RBI Makes Two-Factor Authentication Mandatory For All Digital Transactions From April 1

Every digital payment in India will require two-factor authentication from April 1, 2026, following a Reserve Bank of India mandate issued in September 2025 — ending the era of single OTP verification and significantly raising the security bar for online and point-of-sale transactions.

Under the new framework, relying solely on a One Time Password to authenticate a transaction will no longer be acceptable. All digital payments must be verified using at least two separate and independent factors drawn from the following options: PIN combined with OTP, biometric verification such as fingerprint or face recognition paired with device binding, a virtual token generated within a banking app, or a static password combined with an additional authentication layer.

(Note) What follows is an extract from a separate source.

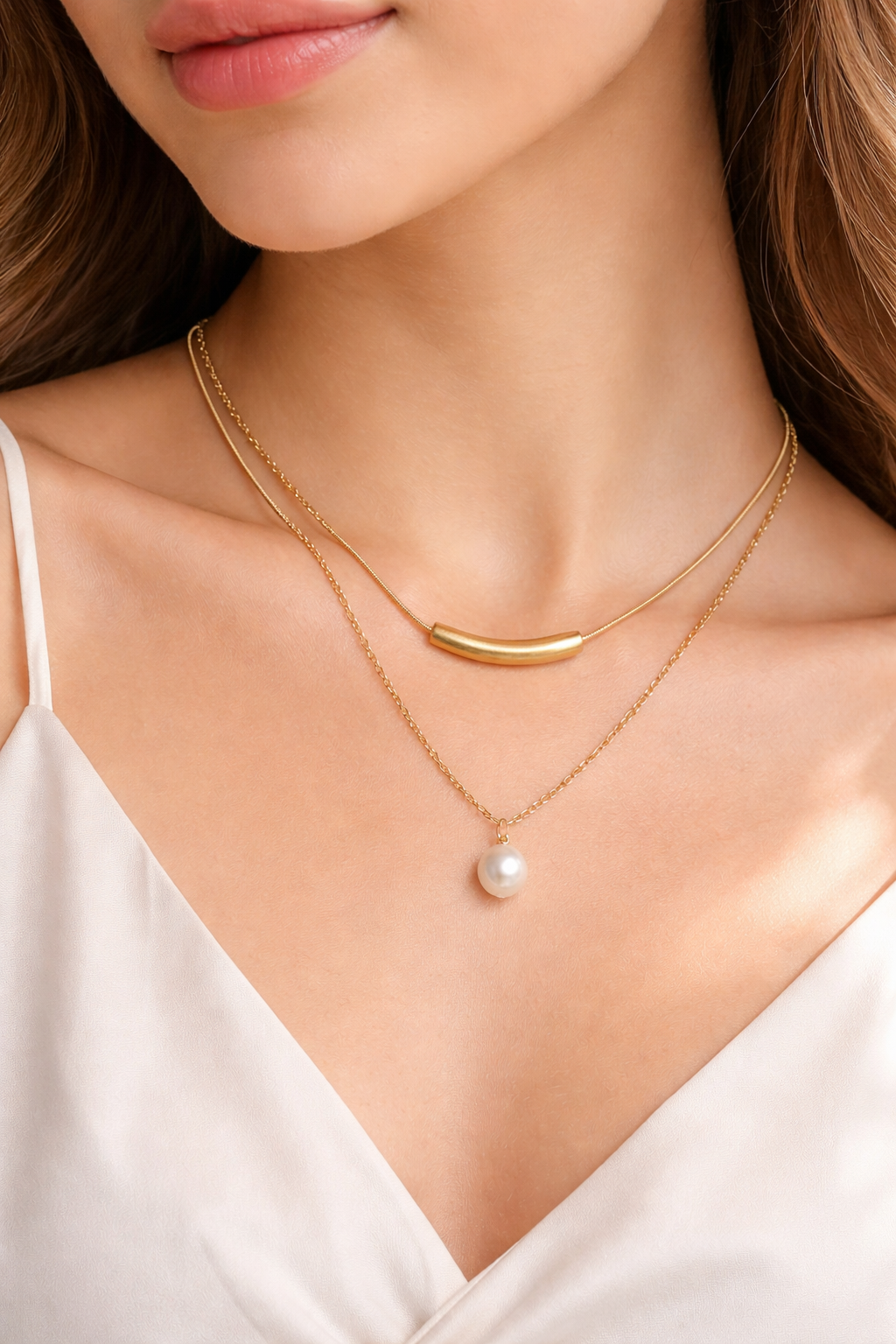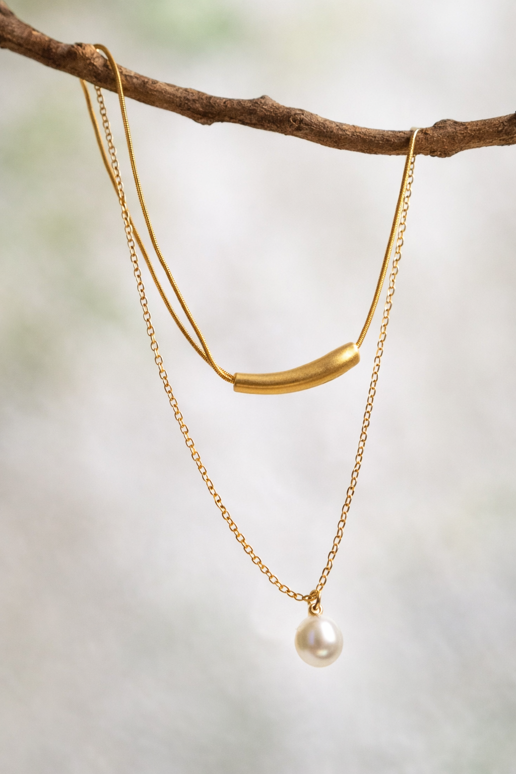 A delicate gold necklace featuring a smooth curved bar paired with a single luminous pearl drop. Designed with a layered effect, it blends modern minimalism with timeless elegance. Lightweight and versatile, this piece adds a subtle, refined touch to both everyday wear and special occasions.

Two-factor authentication is already in place for credit card transactions — the RBI is now extending this standard universally across all digital payment modes.

In a practical scenario, a customer using a debit card at a point-of-sale terminal will now need to enter their PIN and provide a separate OTP or biometric confirmation before the transaction is approved — adding a second verification layer that was previously optional for many payment types.

The mandate comes in direct response to a surge in financial fraud involving phishing attacks, SIM swap scams, and OTP interception — cases in which fraudsters obtain OTPs sent to victims' phones and drain their bank accounts. The RBI's guidelines also clarify that similar two-factor authentication rules will be extended to international card-not-present transactions by October 1, 2026.